So here's the equation for composition.
And this one little equation explains everything there is to know.
It reads h of X equals f of g of x.
And that one tiny equation captures all there is to know about function composition.
If you get this, everything else is just implications.
So I'll break it down piece by piece.
On the right hand side of that equation, we have two functions f and g, and we're talking about mathematical functions right now, but JavaScript of functions, we can kind of, sort of think of them as equivalent.
Now when we compose two functions together, we get a new function and we're calling this one h, and if we give h some value x, then we get back a new value.
Now to work out what that value is when we first pass our value into x value x into g, because we work from the inside out, then we take the value return from that and pass it into f.
And that gives us our final result-h of x.
And I get it.
All of this is kind of abstract.
But the key point here is that we can create a new function h by combining two other functions: f and g.
And once we have that, we can treat it like any other function.
It's no different from f or g-doesn't need any special treatment.
It's a plain function, just like any other function.
We don't need any special tools to do this.
It's kind of built into how functions work.
And mathematicians, they have a special notation for describing composition.
They use this thing called the dot operator, which looks a little bit like a bullet.
So we'd write the composition of f and g as f dot g.
And that's the mathematical explanation.
And by now you're probably thinking, well, well done, James, you've done a great job of demonstrating that composition is both boring and kind of obvious.
I mean, most of you will probably be intuitively familiar with how functions work.
None of this is particularly new or mind blowing.
And what does this have anything to do with JavaScript?
Well, like mathematics, composition is built into JavaScript functions too.
So for example, if we have two functions, f and g and they both return values, then we can compose them together using a similar syntax.
So here we have cost h equals a function that takes some value x and returns, the composition of f and g.
Now this here, what I've put on the screen, is not valid JavaScript, though I wish it was.
JavaScript won't let us define a bullet operator for composition, but what we can do is make a function that does roughly the same thing is what that bullet would do.
You see, one of the neat things about JavaScript is that it lets us pass functions around as values.
So we can create a function that does composition for us.
We'll call it c2 short for compose two functions.
And at first this might seem like a pointless kind of function and you'd be right.
It is a little bit pointless, but bear with me.
Let's see if we can do something with this composition function.
So.
What we're gonna do is do something real.
Let's imagine for a moment that we are writing some kind of comment system, like maybe say hypothetically, just at random, you work for a company that makes some kind of project management software, you know, and maybe people could say create tasks to track what they're doing, and they can leave comments on these tasks, just picking something, just totally out of the blue.

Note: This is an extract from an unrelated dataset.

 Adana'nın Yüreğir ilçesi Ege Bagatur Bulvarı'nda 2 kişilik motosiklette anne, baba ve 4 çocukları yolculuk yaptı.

So with our comment system, what we wanna do is we wanna allow people to include images and links in their comments, but we're also concerned about security.
So we don't wanna allow people to just write any old HTML.

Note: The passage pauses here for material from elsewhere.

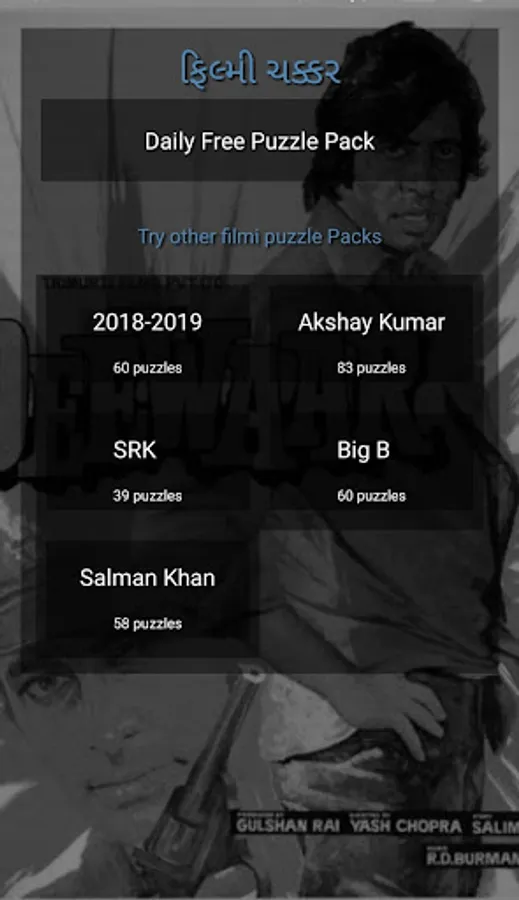 Filmi Chakkar - Gujarati is the online FREE version of popular movie quiz version. No popup ads in between.

So to make this happen, what we're gonna do is we're gonna support a cut down version of markdown.
So in our cut down version of markdown, we allow people to write an image that looks like this.

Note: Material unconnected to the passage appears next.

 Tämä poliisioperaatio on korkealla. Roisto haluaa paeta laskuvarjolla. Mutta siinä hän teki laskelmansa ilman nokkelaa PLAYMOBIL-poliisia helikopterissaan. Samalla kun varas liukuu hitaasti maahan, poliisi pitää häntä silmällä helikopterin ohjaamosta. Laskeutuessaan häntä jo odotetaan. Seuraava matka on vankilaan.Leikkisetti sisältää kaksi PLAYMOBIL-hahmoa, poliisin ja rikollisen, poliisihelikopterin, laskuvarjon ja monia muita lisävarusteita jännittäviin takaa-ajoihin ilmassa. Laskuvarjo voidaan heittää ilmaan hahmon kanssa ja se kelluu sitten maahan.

So we've got an exclamation point followed by some square brackets, then the alt text, and then some round brackets to describe the path to the image.
And a link looks fairly similar, but there's no exclamation point.
So we've got the square brackets followed by the link text and then round brackets for the URL.
And we'll write a couple of functions that convert this kind of syntax into HTML.
So.
We've got two functions here, one for images, one for links.
And each one looks through the whole comment, finds the syntax we've specified and replaces each occurrence with the relevant HTML.
Now I know regular expressions look a bit scary and these ones are particularly indecipherable because of the fancy font I've chosen, but don't worry too much about the implementation details.
See regular expressions aren't the point, they're just for demonstration, the only thing you really need to understand is that they both take in a string and they give us a string back with some adjustments made.
That's, that's all.
So getting back into our c2 function, we can combine these two functions like this.
So we pass Linky and magnify into c2 and we get its mus them together so that we get one new function, which we've called Linky and a mag.
Now, if you were to write that same thing out by hand, it would look like this and truth be told our c2 function isn't actually saving as many characters here.
And it gets worse if we try to add in more functions.
Like suppose we wanted to, to add in support for emphasizing with underscores.
We could write another function like this one, it's nothing fancy, just another regular expression replacement.
It looks for an underscore, followed by a bunch of stuff that's not an underscore followed by an actual underscore.
And then it wraps whatever's between the underscores in em tags.
Now we could take that emphasize function and we could add it in with another c2.
But what we have to do is create a new function using c2 on the inner inner part.
And that gives us a new function back, which we passed straight into another c2 which we combine with linkify.
And that gives us our single processComment function.
Lots of smooshing going on.
Now, if we compare that with writing the composition out by hand, the hand compose version is still longer, but not by much.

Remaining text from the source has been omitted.